## Supplied data
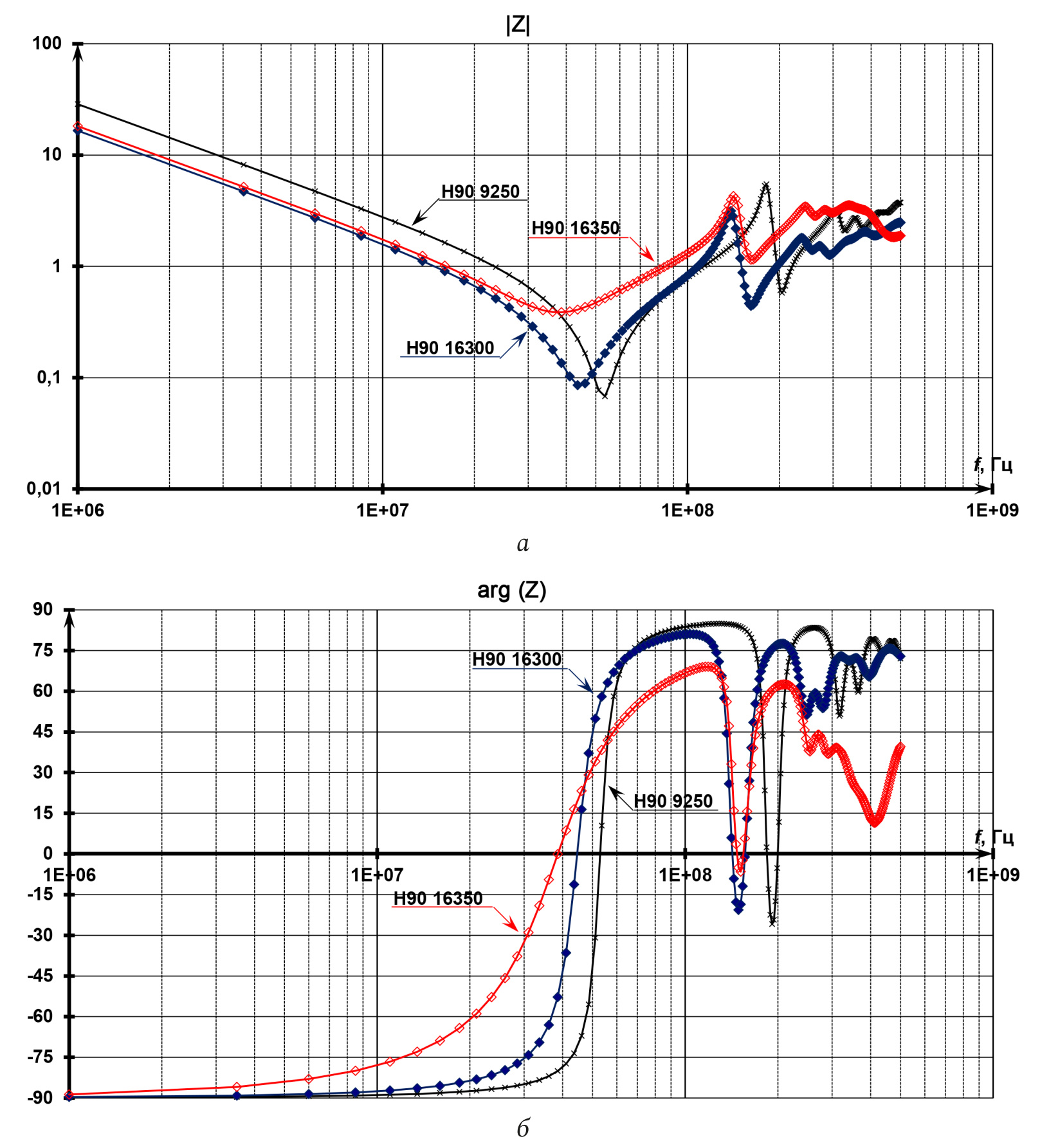 Fig. 4. Measured magnitude (a) and phase (b) of dielectric impedance of performance group Н90 with different permittivity ε
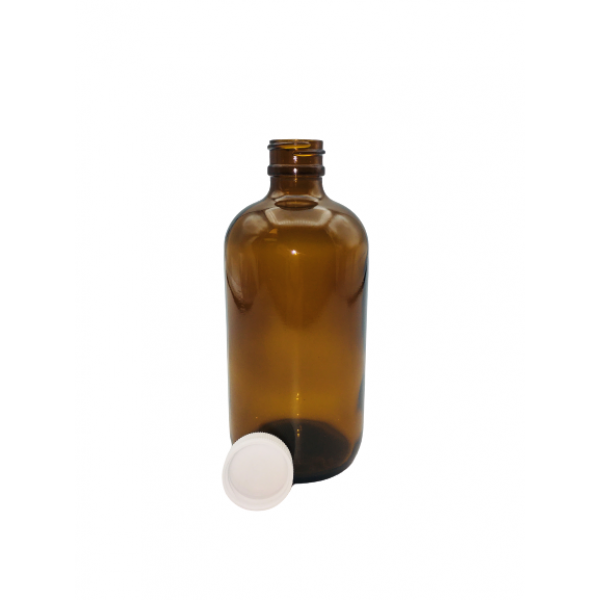 8oz Amber Boston Round Assembled w/Cap, w/2mL 1:1 Sulfuric Acid (H2SO4) BarCoded (12/cs)
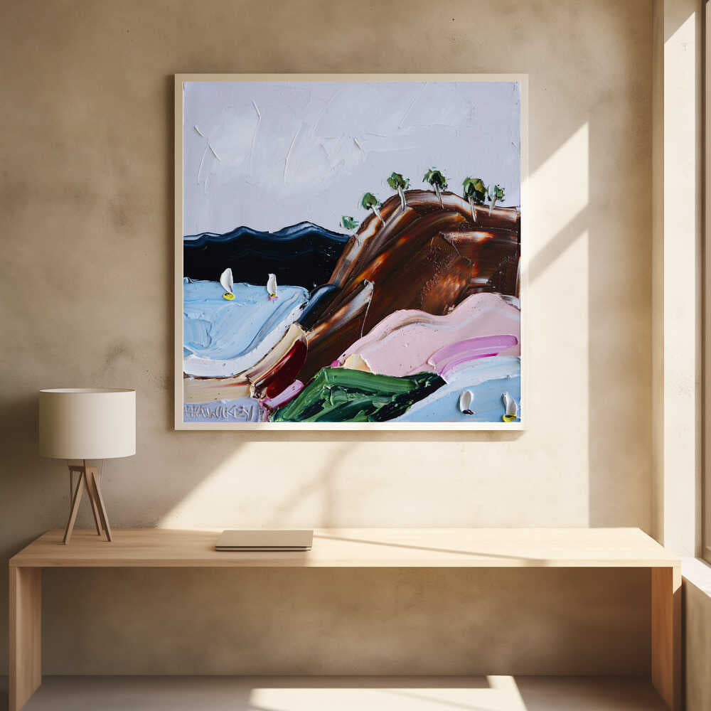 Colorful Coastal Bay - Square Stretched Canvas, Poster or Fine Art Print by Angela Hawkey

## Problem requirements
Could you transcribe exactly the lines from the one with "8oz Amber Boston" through the end of the data, both ends included, and nothing else, skipping the pictures?

## Problem solution
 8oz Amber Boston Round Assembled w/Cap, w/2mL 1:1 Sulfuric Acid (H2SO4) BarCoded (12/cs)
 Colorful Coastal Bay - Square Stretched Canvas, Poster or Fine Art Print by Angela Hawkey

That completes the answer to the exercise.